* **SOURCE DATA**:

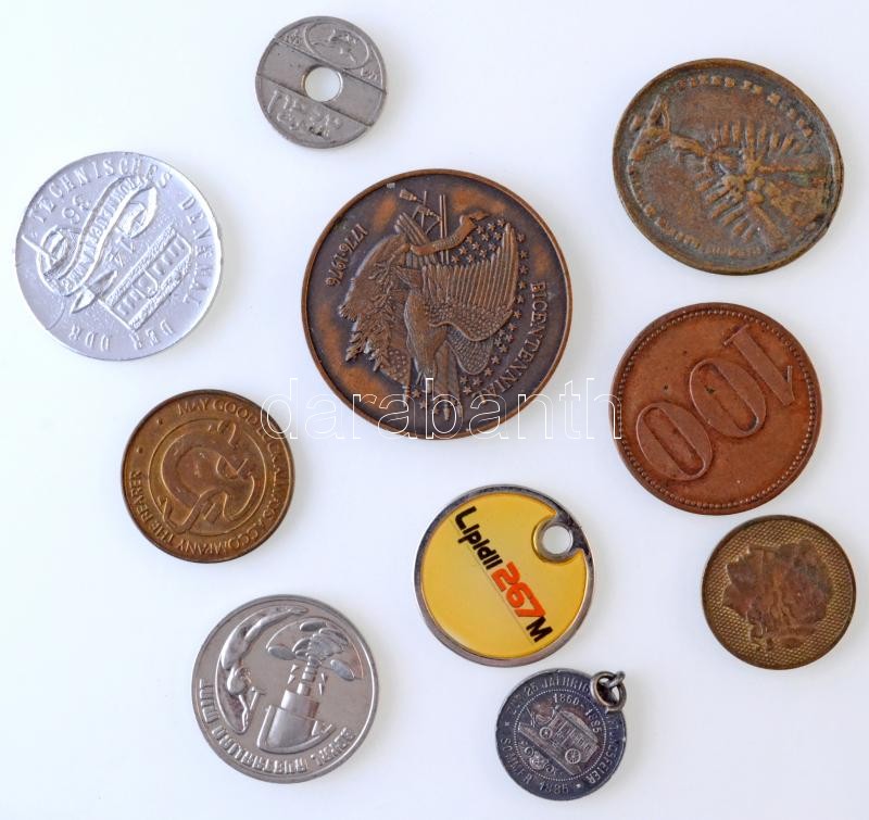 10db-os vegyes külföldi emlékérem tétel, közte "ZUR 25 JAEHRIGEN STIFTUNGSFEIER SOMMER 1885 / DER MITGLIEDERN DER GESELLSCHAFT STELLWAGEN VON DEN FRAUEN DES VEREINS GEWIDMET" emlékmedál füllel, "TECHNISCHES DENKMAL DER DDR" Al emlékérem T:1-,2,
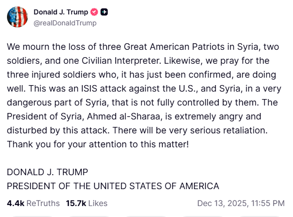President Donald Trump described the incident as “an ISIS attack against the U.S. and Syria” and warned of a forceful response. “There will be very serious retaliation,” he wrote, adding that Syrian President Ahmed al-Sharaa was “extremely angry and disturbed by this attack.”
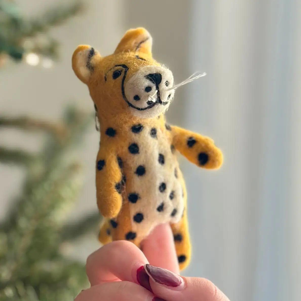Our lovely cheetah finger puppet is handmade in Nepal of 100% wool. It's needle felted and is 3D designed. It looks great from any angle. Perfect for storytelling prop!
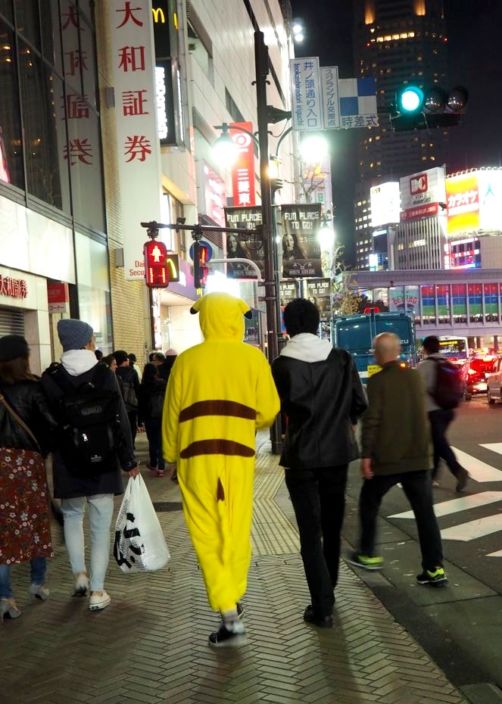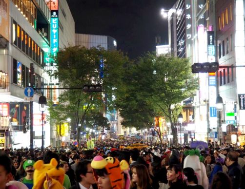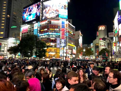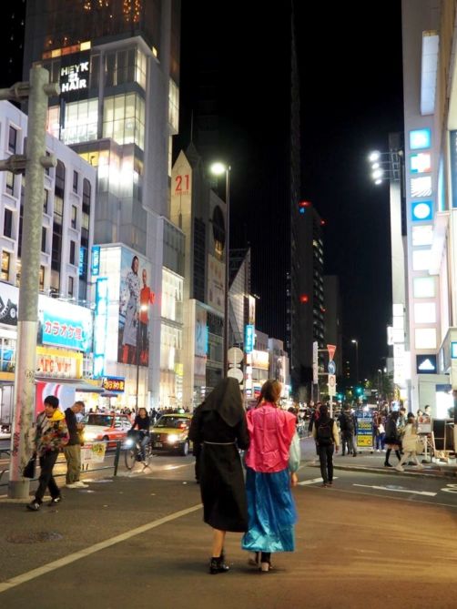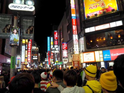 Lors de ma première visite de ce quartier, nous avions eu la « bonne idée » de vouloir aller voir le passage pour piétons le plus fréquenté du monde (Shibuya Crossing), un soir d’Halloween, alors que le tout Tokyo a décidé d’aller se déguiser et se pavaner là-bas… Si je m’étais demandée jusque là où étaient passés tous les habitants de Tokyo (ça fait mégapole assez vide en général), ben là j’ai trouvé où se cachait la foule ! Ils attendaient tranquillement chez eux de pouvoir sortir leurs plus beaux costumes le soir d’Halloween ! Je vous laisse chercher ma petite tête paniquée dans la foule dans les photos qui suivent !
...
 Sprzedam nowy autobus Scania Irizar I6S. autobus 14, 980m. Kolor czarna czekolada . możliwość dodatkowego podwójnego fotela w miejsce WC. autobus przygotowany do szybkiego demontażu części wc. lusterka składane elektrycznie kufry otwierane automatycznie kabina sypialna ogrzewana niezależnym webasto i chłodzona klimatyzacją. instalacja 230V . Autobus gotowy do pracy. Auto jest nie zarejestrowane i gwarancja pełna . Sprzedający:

* **PROBLEM REQUIREMENTS**:
Range to copy from the listing above: the line with "President Donald Trump" through the line with "Lors de ma première". Transcribe it exactly and skip the pictures.

* **TASK RESPONSE**:
President Donald Trump described the incident as “an ISIS attack against the U.S. and Syria” and warned of a forceful response. “There will be very serious retaliation,” he wrote, adding that Syrian President Ahmed al-Sharaa was “extremely angry and disturbed by this attack.”
Our lovely cheetah finger puppet is handmade in Nepal of 100% wool. It's needle felted and is 3D designed. It looks great from any angle. Perfect for storytelling prop!
 Lors de ma première visite de ce quartier, nous avions eu la « bonne idée » de vouloir aller voir le passage pour piétons le plus fréquenté du monde (Shibuya Crossing), un soir d’Halloween, alors que le tout Tokyo a décidé d’aller se déguiser et se pavaner là-bas… Si je m’étais demandée jusque là où étaient passés tous les habitants de Tokyo (ça fait mégapole assez vide en général), ben là j’ai trouvé où se cachait la foule ! Ils attendaient tranquillement chez eux de pouvoir sortir leurs plus beaux costumes le soir d’Halloween ! Je vous laisse chercher ma petite tête paniquée dans la foule dans les photos qui suivent !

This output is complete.